(Supplied entries)

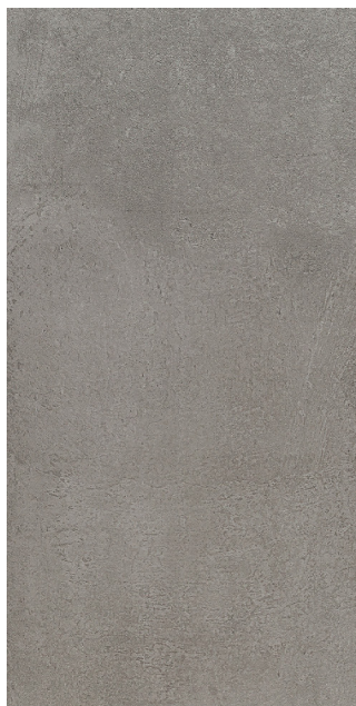
30 x 60 cm (12 x 24) MZ.MM.MER.1224
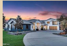
North Ranch (Estates at North Ranch)
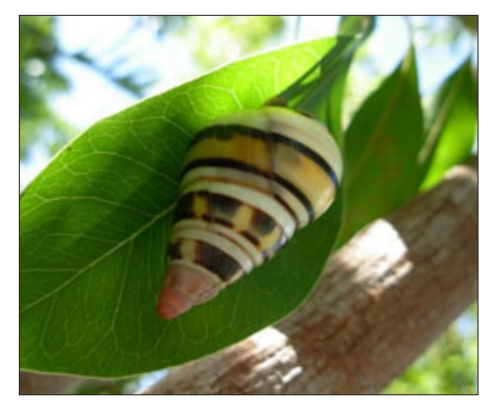
Liguus tree snails are a special sight throughout this area.

The Loop Road Eduacation Center is operated by Everglades National Park for educational groups with reservations. Across the street on the north side, the Tree Snail Hammock Trail is maintained by Big Cypress National
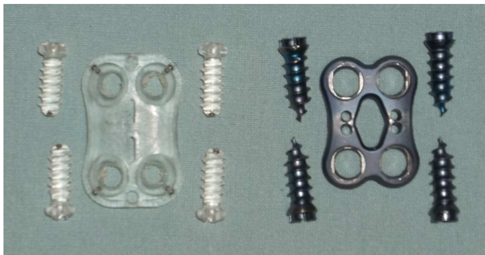
Fig. 4. Resorbable Plate and Screw System (Left) beside Nonresorbable titanium system (Right)

Resorbable plate and screw systems (RPSSs) have been used as far back as the 1970's, shortly after the introduction of their clinical potential, to fix mandibular fractures (Kulkarni et al. 1966; Kulkarni et al. 1971). More recently, RPSSs have been used to successfully treat distal radial fractures with no statistical difference compared to a titanium control (van Manen et al. 2008). RPSSs have also been shown to successfully treat rib fractures in trauma patients (Mayberry et al. 2003). Once adapted for use in spinal applications, RPSS's have been investigated for supplemental anterior fixation to cervical interbody fusion constructs. Although prospective randomized studies to date are limited, many retrospective analyses have concluded resorbable anterior cervical plating as a reasonable alternative to metal (Vacarro et al. 2002; Franco et al. 2007; Tomasino et al. 2009). RPSSs have also been considered for supplemental lumbar fixation (DiAngelo et al. 2002), however in-vivo loading conditions of the lumbar spine may prove too intense for this application.
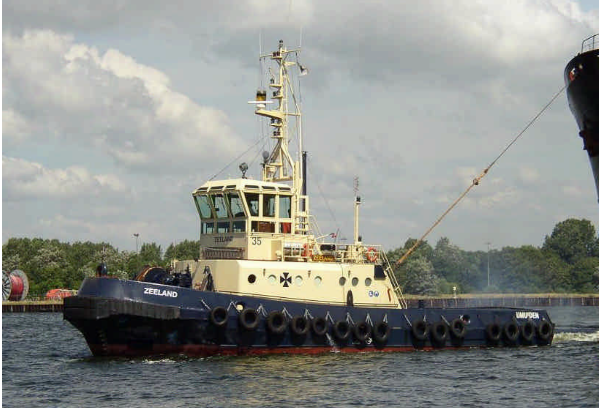
The IJmuiden based SVITSER-WIJSMULLER tug ZEELAND (35) in her new livery.
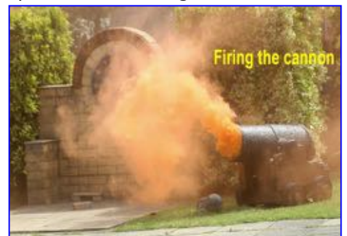
Firing the cannon

Later that afternoon Someone fired The cannon
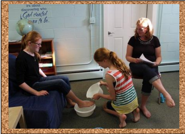
Everyone gets a turn...
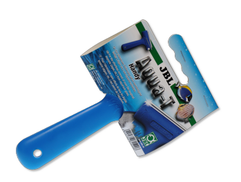
JBL Aqua-T Handy Glass pane cleaner with stainless steel blade
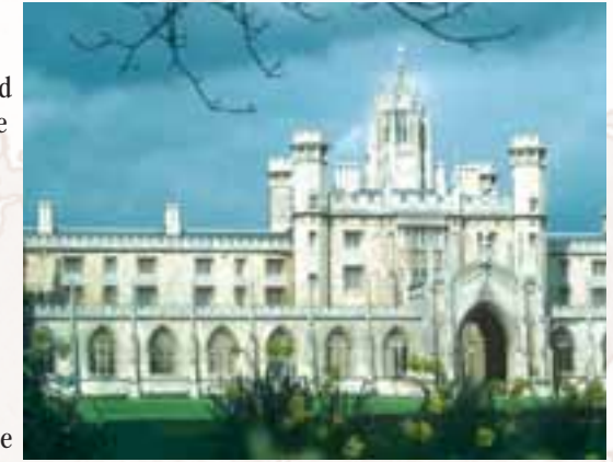
St. John's College, Cambridge
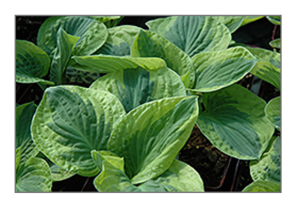
Brim Cup Hosta foliage
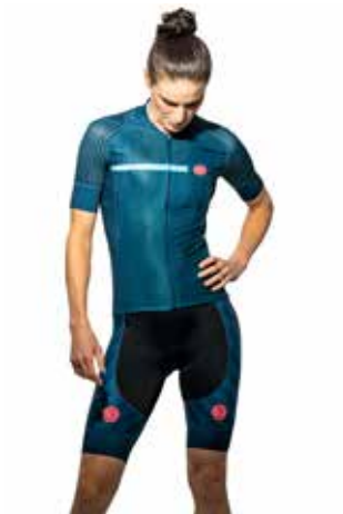
▲ PRO RANGE CYCLE KIT ▲
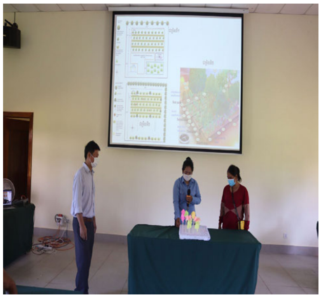
Agroforestry design presentations made by project village representatives

The agroforestry characterization survey (Activity 1.2) selected 10 of 55 observed agroforestry practices in the 4 project villages. These have been recommended as models because they have been shown to generate relatively high income (ranging from some USD per ha in 2020), host diverse agro-biodiversity (i.e., minimum three different crop species), and have been practised by the farm households for more than five years, and according to farmers' perspectives, are more resilient to extreme weather events such as drought and strong winds. The project report also describes establishment and annual maintenance cost, and gross and net income in 2020 generated by the 10 selected practices.
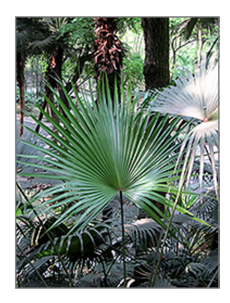
Chinese Fan Palm foliage
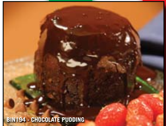
BIN194 - CHOCOLATE PUDDING
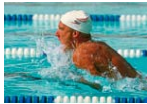
With HD Color technology
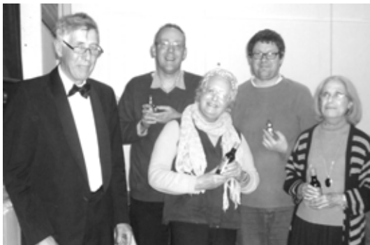
Joint runners-up The Fools on the Hill (top) and The high flyers (below)
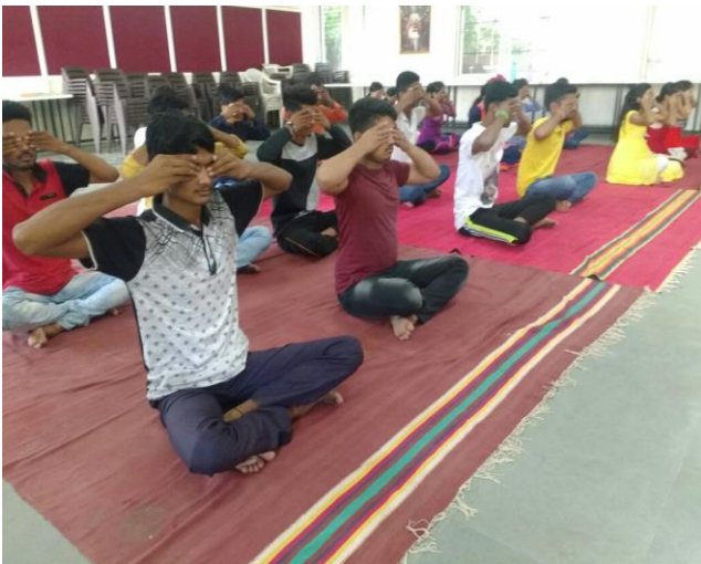
Every year Yoga day is celebrated in Seminar Hall
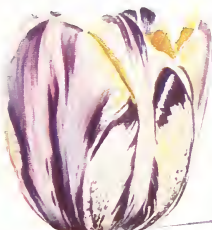
Rembrandt Tulip. A Distinct Novelty.
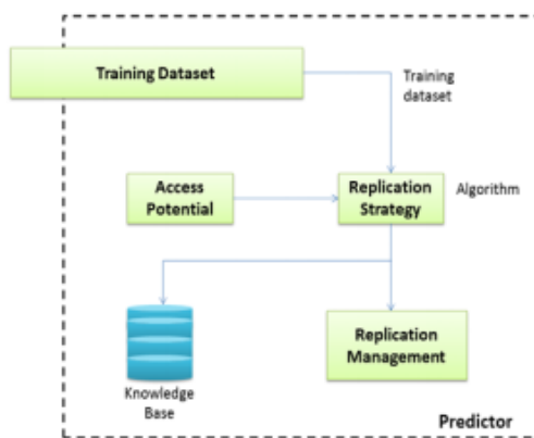
Fig. Predictor System

New replication factor denote the final replication factor of that particular file. using this methodology, the replication factor for all existing file is calculated and store it within the metadata.
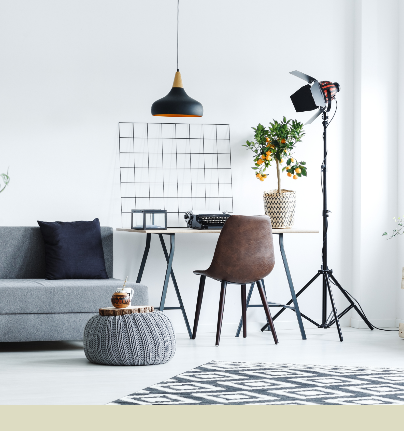
Dallas-area Photography Studios
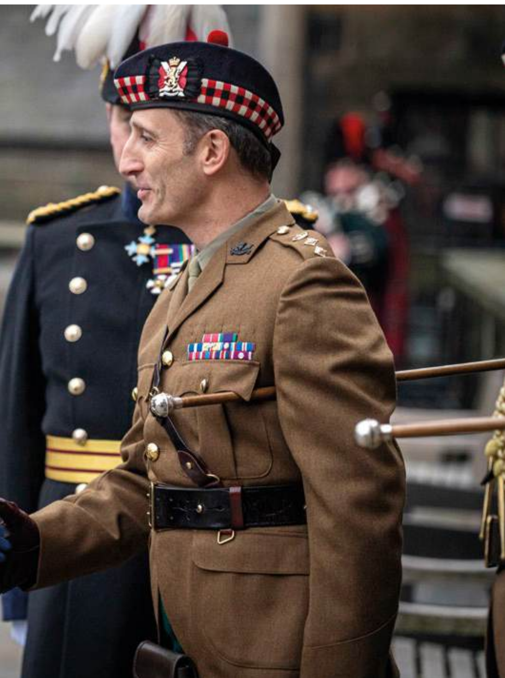
Colonel of the Regiment greeting The Princess Royal

(End Supplied entries)

--- What is expected ---
Indicate how many lines of the material contain the string "Resorbable", giving the number and nothing more.

--- The answer ---
2